• RECORDS:
◇ ◇ ◇ ◇
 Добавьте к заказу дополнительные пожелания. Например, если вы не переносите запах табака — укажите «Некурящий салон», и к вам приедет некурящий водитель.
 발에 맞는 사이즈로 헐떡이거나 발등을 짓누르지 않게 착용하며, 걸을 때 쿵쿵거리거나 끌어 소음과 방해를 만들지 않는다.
◇ ◇ ◇ ◇
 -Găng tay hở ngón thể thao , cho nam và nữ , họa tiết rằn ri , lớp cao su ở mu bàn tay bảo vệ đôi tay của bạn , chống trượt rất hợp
◇ ◇ ◇ ◇
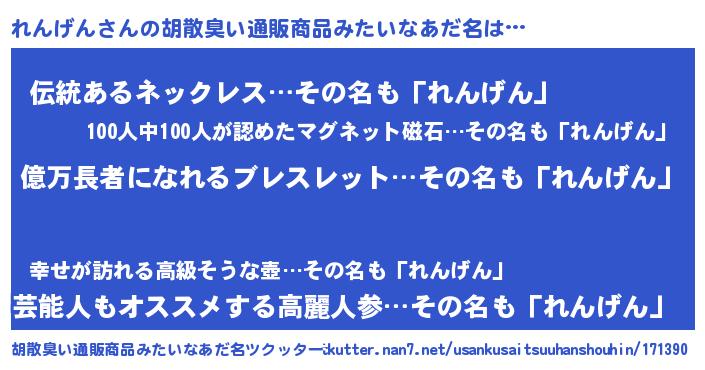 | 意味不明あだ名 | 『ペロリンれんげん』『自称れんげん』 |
◇ ◇ ◇ ◇
From the material above, set down exactly the lines between the line holding "Добавьте к заказу" and the line holding "발에 맞는 사이즈로 헐떡이거나", inclusive. Include nothing else.

• RESPONSE FOR THIS EXERCISE:
 Добавьте к заказу дополнительные пожелания. Например, если вы не переносите запах табака — укажите «Некурящий салон», и к вам приедет некурящий водитель.
 발에 맞는 사이즈로 헐떡이거나 발등을 짓누르지 않게 착용하며, 걸을 때 쿵쿵거리거나 끌어 소음과 방해를 만들지 않는다.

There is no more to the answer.